Mad and Confused

“ I come from a beautiful place where they hate the shade of my skin….”

Something I took away from my Alternative Spring Break Training this week is empath. What an important word when immersing ourselves in another perspective for a week. After this week’s reading, I have found that it is important to have a level of understanding but not pity. When we work with these people we are really going to have to listen to them talk and remember that our hardships are completely different from theirs. If we relate our hardships to theirs it will take away from the experiences.

When I was reading the articles this week I was reminded how hard this Spring Break Trip is going to be. My next thought was that I cannot look at this week in Phoenix as a trip. I need to look at this as a journey and this journey will not be over until there is a social change.

“And my brother has been tortured, by my brother in my land….”

In the poem Blues for Woomera, the writer states, “ Let me dig my own grave, if it helps you ease the burden upon you…. Thro this land free of water and compassion.” This line really hit me because the people who are suffering from these genocides feel like life would be easier if they did not live. The land they call home and they identity with is abandoning them and does not want anything to do with them. In the United States we use our freedom of speech excessively, heck I am righting a blog right this second about genocide. Meanwhile, in the countries where genocide is occurring free poetry is banned. I think that really puts what I have in perspective. I have this freedom to voice my every thought.

“I come from a beautiful place where girls cannot go to school…”

These articles talked about the living conditions in the refugee camps. One passage described women lining up out side of the refugee cam with their ration cards hanging around their neck. The card is a symbol of how many rations they will receive or have had. Reading this enraged me! I would hate to have a symbol around my neck that stated how hungry I was. It also bothered me that it was just the women that have this hanging this around their neck.

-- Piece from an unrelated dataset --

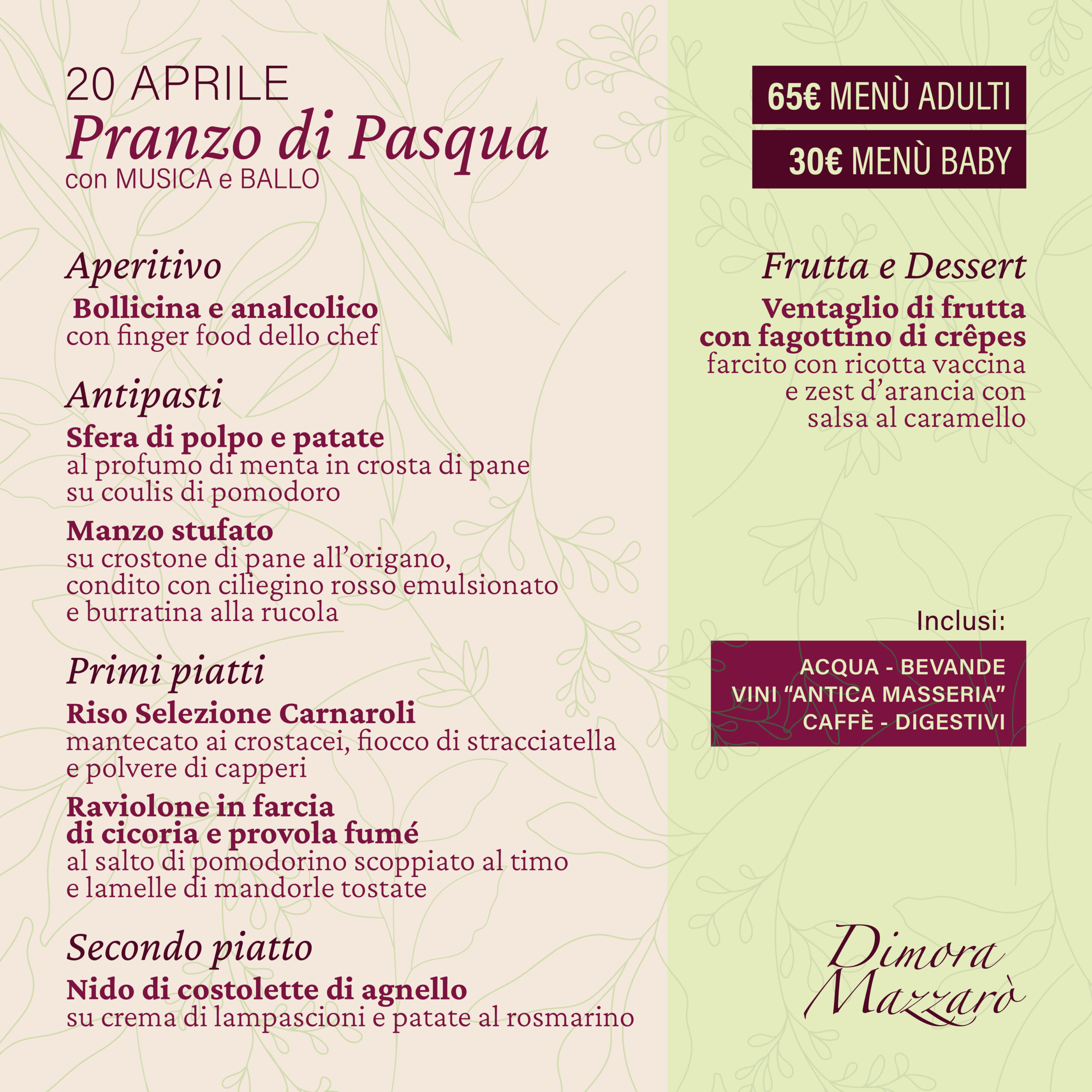 Mercoledì 1 gennaio 2025 | Pranzo di Capodanno | Adulti 65, Bambini 30

These readings really angered me because I know that there are so many ways to stop genocides from occurring, to help refugees who are resettling and to make sure no one feels like the people in these passages. But people deny that genocides are occurring, are uneducated on what a refugee is, or just do not care if they are making others feel this way. When I put myself in the perspective of the people writing these passages I am admirable of their strength and perseverance.

“ I am told that I have no country, I am told that I am a lie…. But we come from somewhere.”